Royal Horticultural Society Prize goes to Wales for the First Time. A Welsh prison has won the coveted Windlesham Trophy award for the best kept prison garden in England and Wales, judged by the Royal Horticultural Society (RHS).

HMP and YOI Parc, a Category B men’s private prison and Young Offenders Institution in Bridgend is the first prison in Wales to win the annual competition which has been running for over 30 years.

The award was set up in 1983 by the former Chairman of the Parole Board, Lord Windlesham, to develop prisoners’ sense of worth and encourage garden excellence among the prison community.

RHS Director of Education, Funding and Communities, Ruth Evans, presented the trophy, an engraved Green Goddess fire engine bell, to HMP and YOI Parc staff during a ceremony at the prison on 8 September.

The large, modern prison houses 1,750 prisoners, of whom around 15 work on the extensive gardens at any given time. Every available space has been brought to life with plants, including a herbaceous border, wildflower meadows, living roof and vegetable and herb gardens that are used to grow fresh produce for the prison kitchens.

Speaking at the ceremony, HMP and YOI Parc’s Director, Janet Wallsgrove, spoke about the importance of the gardens: “For me, the role of any prison is to keep secure individuals who have been given a custodial sentence, yet also to provide opportunity to bring about change. The importance of the environment within prisons is greatly underestimated – prison gardens reduce violence, improve mental health and teach horticultural skills.”

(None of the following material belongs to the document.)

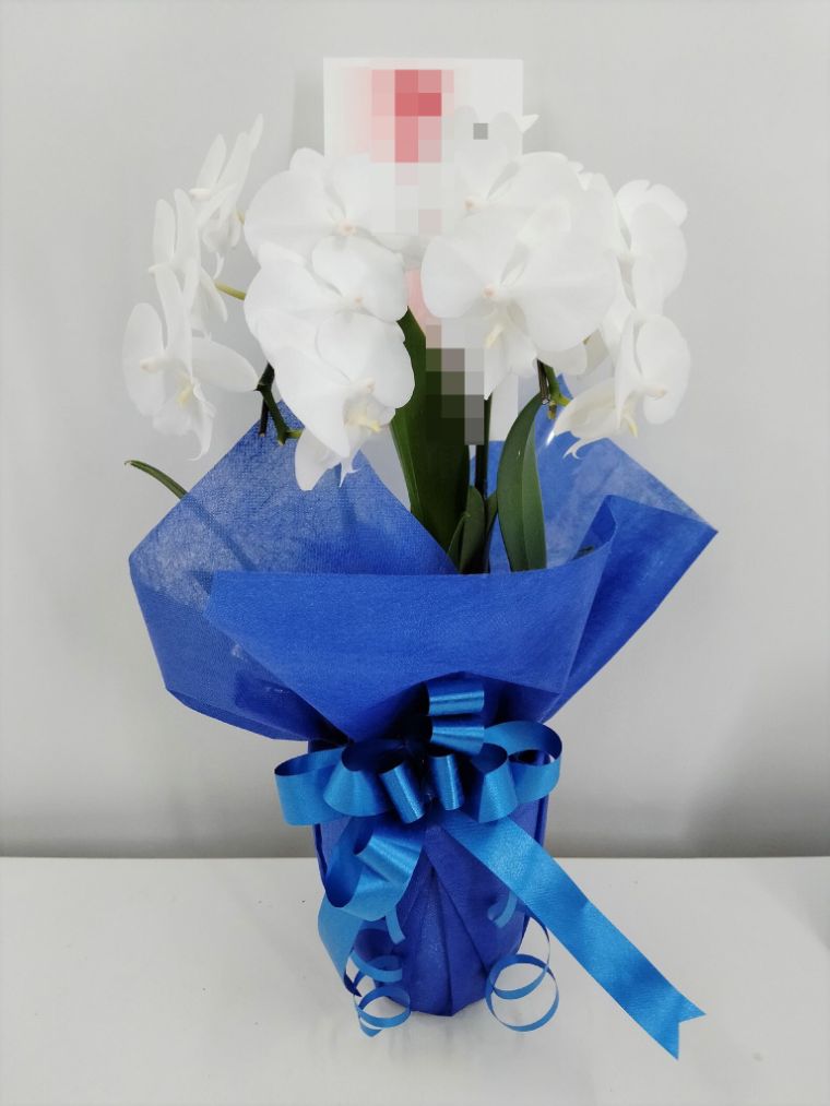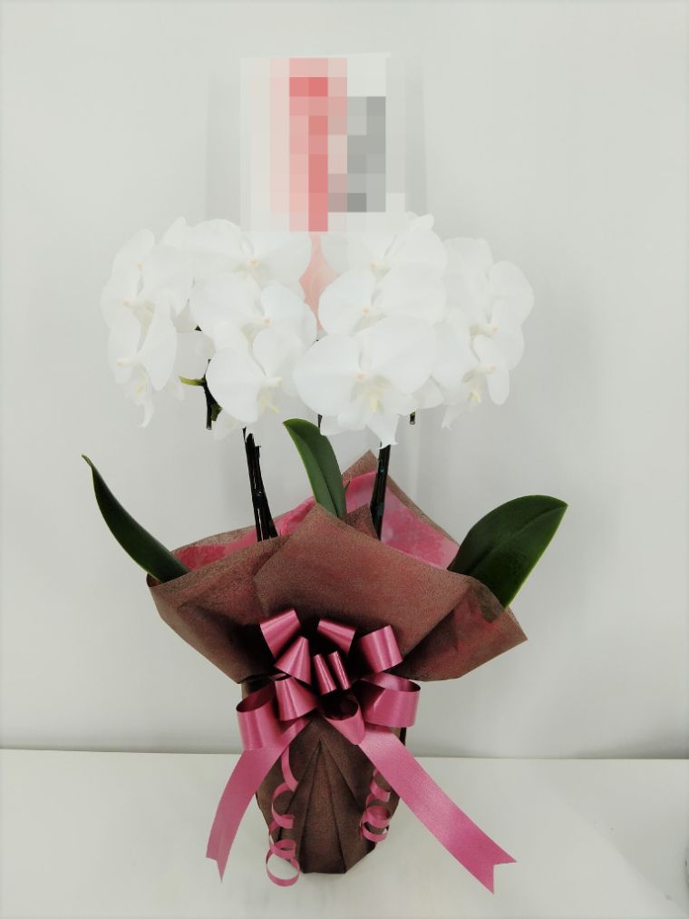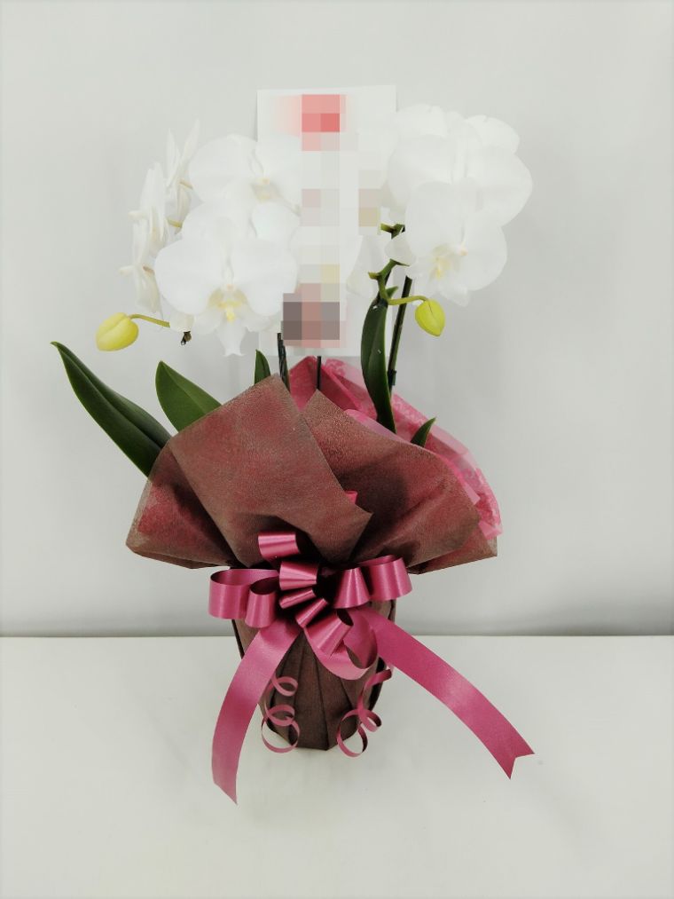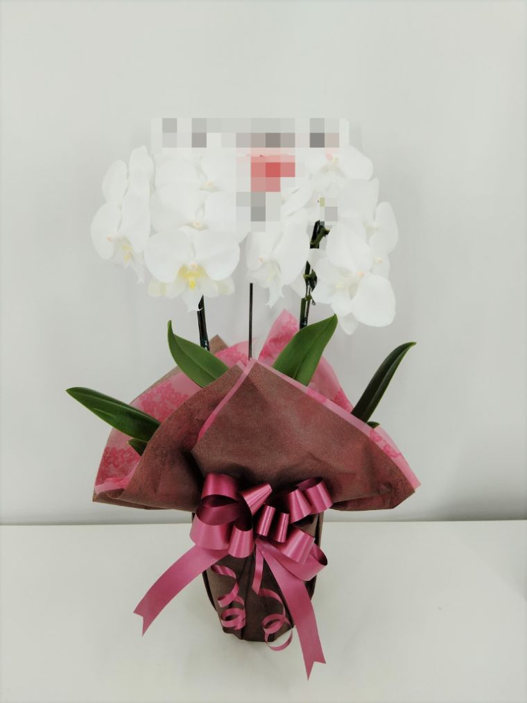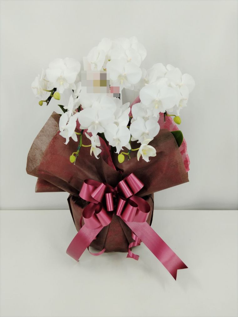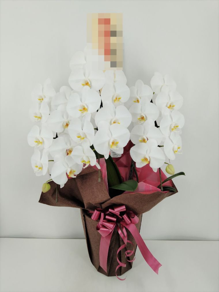 胡蝶蘭の実際にお届けした写真です。花秘書では発送前に写真をメールで送信致しますので安心して大切な顧客や取引様へのギフトにご利用頂けます。

An RHS judging panel, led by Robert Haslam and including Fiona Crumley and Jon Wheatley, assessed HMP and YOI Parc along with fellow finalists HMP Bure in Norfolk, HMP Eastwood Park in Gloucestershire, HMP Hull and HMP Whatton in Nottinghamshire. They praised Parc for “the breadth and quality of the horticulture on display”.

The judges were impressed by the ingenuity shown in the creation of the various displays, incorporating the skills from all departments within the prison and the enthusiasm displayed by the gardens team for horticultural work and in passing on their skills and knowledge to the prisoners.

Mike Thomas, who leads Parc’s horticultural team said: “We are absolutely delighted to win the Windlesham Trophy. It’s only the second time that we’ve been a finalist in the competition so to scoop top prize is fantastic and testament to all the hard work put in by the staff and prisoners.”

He also outlined the role that gardening plays in offenders’ rehabilitation: “We provide prisoners with the training, skills and confidence to pursue a career within amenity horticulture. They can work towards NVQ horticultural qualifications and other certificates of competence.

“The bright colours in the gardens lift everyone’s spirits, and the calm, tranquil parts of the garden are used as chill out spaces by both staff and prisoners.”

HMP Hull and HMP Whatton were awarded joint second place in the competition.